Lather, rinse, repeat.

But it’s not the manufacturer’s fault, nor yours for not having enough money to buy a perfect lens. Blame Greek mathematician Diocles, who formulated the problem over two thousand years ago in his book Burning Mirrors.

The Problem

You see, lenses are made from spherical surfaces. The problem arises when light rays outside the center of the lens or hitting at an angle can’t be focused at the desired distance in a point because of differences in refraction.

Which makes the center of the image sharper than the corners. Which leads to countless YouTube reviews on lenses. And countless hours of watch time. And makes advertisers and YouTubers happy.

In his 1690 book, Treatise on Light, astronomer Christiaan Huygens points out that both Isaac Newton (the greatest scientist of all time) and Gottfried Leibniz (the last universal genius) tried to solve the problem, but couldn’t:

As has in fact occurred to two prominent Geometricians, Messieurs Newton and Leibnitz, with respect to the problem of the figure of glasses for collecting rays when one of the surfaces is given.

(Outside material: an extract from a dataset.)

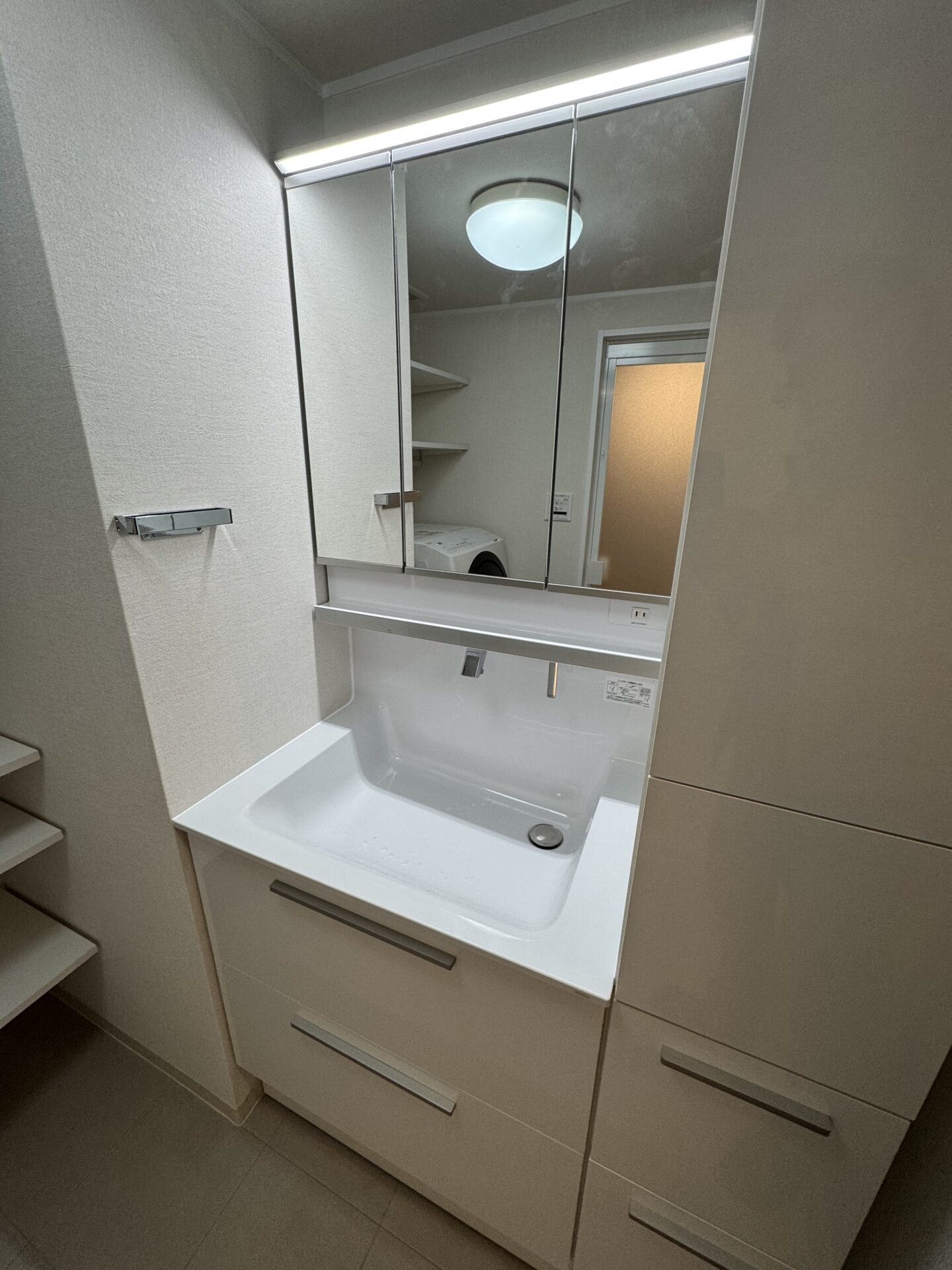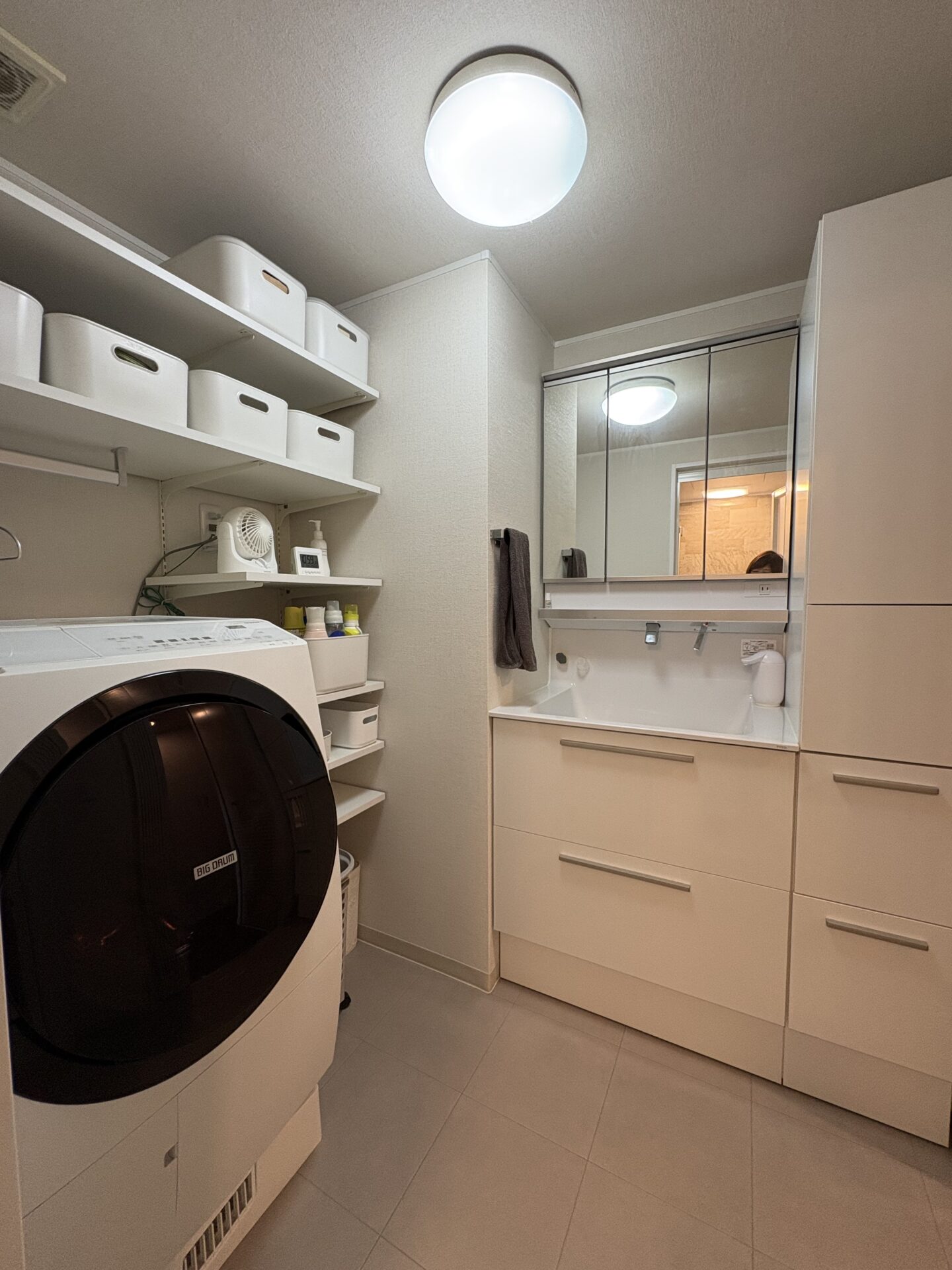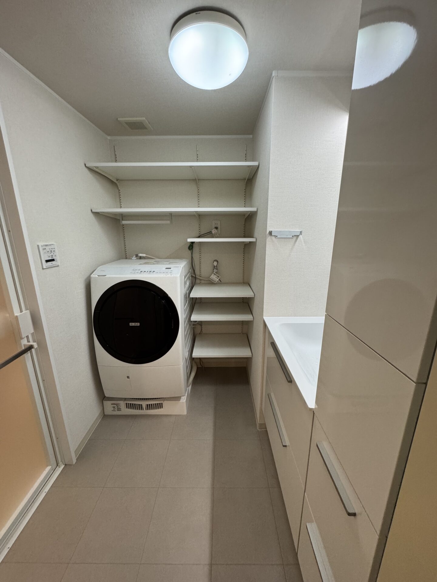 計算された収納棚と、洗濯パンがきっちりサイズになるだけですっきりします。

It is appropriate to mention that Newton invented a telescope that solved the chromatic aberration, but not the spherical aberration.

In a 1949 article published in the Royal Society Proceedings, Wasserman and Wolf formulated the problem—how to design a lens without spherical aberration—in an analytical way, and it has since been known as the Wasserman-Wolf problem.

They “proposed to use two aspheric adjacent surfaces to correct spherical and coma aberrations, with a solution consisting of two first-order simultaneous differential equations, which are solved numerically according to Malacara-Hernández et al.”

In other words, the solution was an approximation solved with numerical analysis (brute-force with computers), not a definitive one. Moreover, the solution involved aspherical elements, which are harder to manufacture in a precise way and are thus more costly.

To this day, when you see that your lens has aspherical elements to correct for optical aberrations and give you sharper images wide open, you can thank Wasserman-Wolf.

However, the importance of solving this problem goes well beyond giving you a sharper picture of your feet for your nine Instagram followers. It would help make better and cheaper to manufacture optical systems in all areas, be it telescopes, microscopes, and everything in between.

As you can imagine, everyone had been trying.

The Solution

Fast forward to 2018 when Héctor A. Chaparro-Romo, a doctoral student at the National Autonomous University of Mexico (UNAM), who had been trying to solve this problem for 3 years, invited Rafael G. González-Acuña, a doctoral student from Tec de Monterrey, to help him solve the problem.

At first, González-Acuña did not want to devote resources to what he knew to be a millenary, impossible to solve problem. But upon the insistence of Héctor Chaparro-Romo, he decided to accept the challenge.

After months of working on solving the problem, Rafael González-Acuña recalls, “I remember one morning I was making myself a slice of bread with Nutella, when suddenly, I said out loud: Mothers! It is there!”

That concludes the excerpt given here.